Ghost Towns

Nova Scotia’s three gold rushes led to the creation of new communities from Canso to Yarmouth, along the 300-kilometre stretch of rich gold deposits known as the Meguma zone. Villages sprang up here and there in the forest and along the shore, around mining activity.

The last stamp mill at Oldham, 1953.
Photograph by E. G. L. Wetmore. N.S. Archives and Records Management Photo Collection: Places: Oldham.
Ghost Towns
As gold mining peaked and declined throughout the nineteenth and twentieth centuries, so too did the mining towns. In the early twentieth century, many miners left to mine gold and silver in places like Timmins and Cobalt in Ontario as mines in Nova Scotia closed. Those who remained in these communities during down times faced isolation. For example, by 1919, only eight men were employed at the Caribou mines which closed in 1925.

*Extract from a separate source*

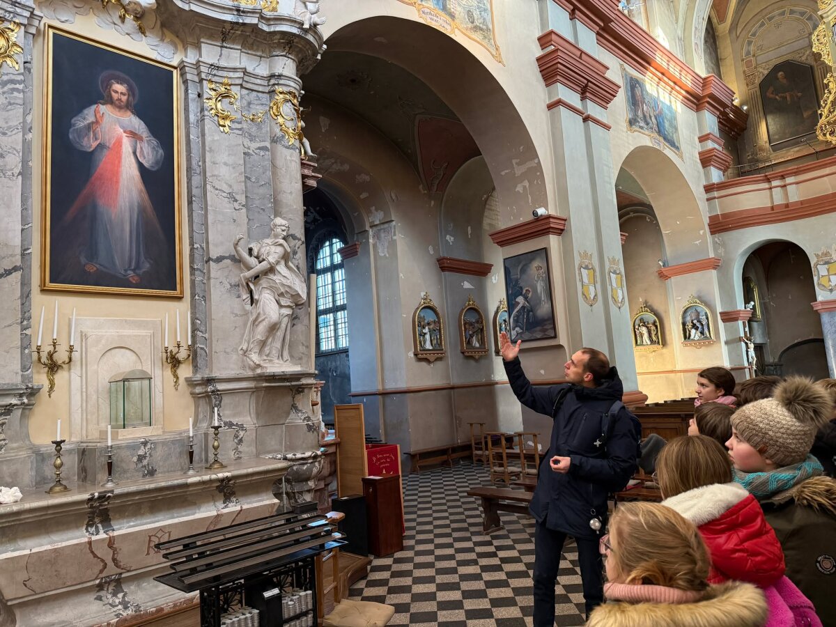 Svečiuodamiesi mokiniai turėjo išskirtinę galimybę apžiūrėti bažnyčioje kabančius šventus paveikslus, susipažinti su jų istorijomis, o vėliau buvo pakviesti į parapijos namus – erdves, į kurias ne kiekvienam pavyksta užsukti. Šis netikėtas susitikimas tapo ypatingu akcentu, palikusiu gilių įspūdžių ir dar labiau praturtinusiu Kalėdų laukimo stebuklą.

Goldenville, 1986 by Joseph Purcell.
MOI: I95.86.7
At Goldenville, one of the best-known boom towns of the rush, two thousand men once worked the mines, 19 companies were active and the population of the community was upwards of 3,000. By 1871 only 6 of those mining companies remained in operation; in 1872 production fell substantially. By 1950 mining had long ceased and only 50 or so residents remained in the area.

Ruins of former gold mining operations at Goldenville, NS
N.S. Department of Natural Resources
Today, like many other areas of Nova Scotia, the abandoned landscape of Goldenville still holds traces of a vibrant gold mining past.